▶ RECORDED DATA:
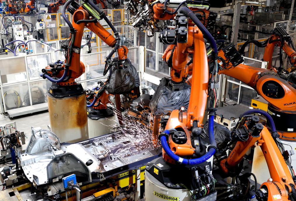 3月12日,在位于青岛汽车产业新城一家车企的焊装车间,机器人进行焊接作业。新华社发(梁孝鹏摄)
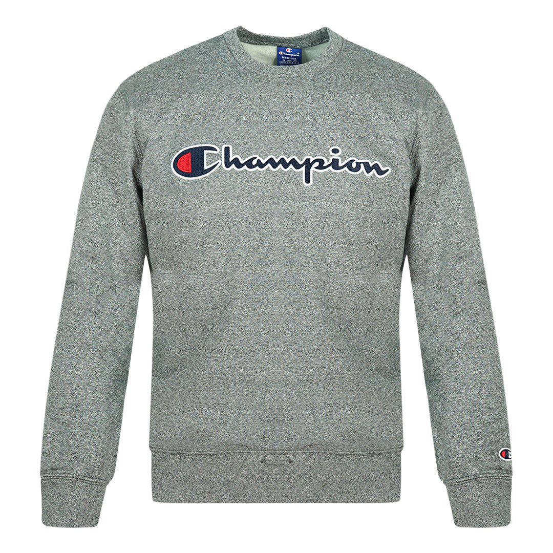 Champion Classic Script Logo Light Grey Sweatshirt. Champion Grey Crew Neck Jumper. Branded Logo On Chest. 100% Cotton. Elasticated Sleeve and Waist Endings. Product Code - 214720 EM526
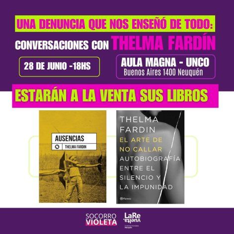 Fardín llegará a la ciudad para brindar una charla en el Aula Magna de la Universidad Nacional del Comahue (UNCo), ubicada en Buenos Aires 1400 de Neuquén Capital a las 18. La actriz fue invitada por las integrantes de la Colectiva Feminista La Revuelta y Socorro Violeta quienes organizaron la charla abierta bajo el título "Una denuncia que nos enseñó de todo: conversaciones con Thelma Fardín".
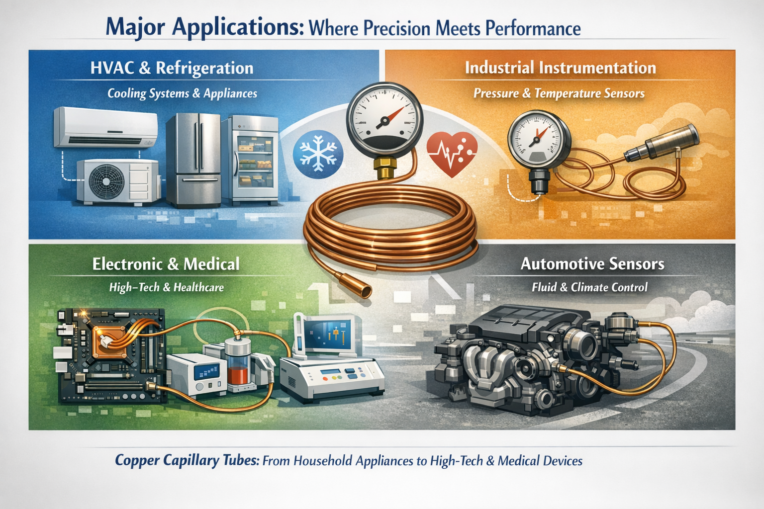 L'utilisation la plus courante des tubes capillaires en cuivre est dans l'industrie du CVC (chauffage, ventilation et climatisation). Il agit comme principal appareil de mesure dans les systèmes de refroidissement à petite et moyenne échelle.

▶ ASSIGNMENT:
From the line that contains "Fardín llegará a" to the last line of the data above, inclusive, transcribe every line exactly and only those lines, omitting pictures.

▶ EXERCISE ANSWER:
 Fardín llegará a la ciudad para brindar una charla en el Aula Magna de la Universidad Nacional del Comahue (UNCo), ubicada en Buenos Aires 1400 de Neuquén Capital a las 18. La actriz fue invitada por las integrantes de la Colectiva Feminista La Revuelta y Socorro Violeta quienes organizaron la charla abierta bajo el título "Una denuncia que nos enseñó de todo: conversaciones con Thelma Fardín".
 L'utilisation la plus courante des tubes capillaires en cuivre est dans l'industrie du CVC (chauffage, ventilation et climatisation). Il agit comme principal appareil de mesure dans les systèmes de refroidissement à petite et moyenne échelle.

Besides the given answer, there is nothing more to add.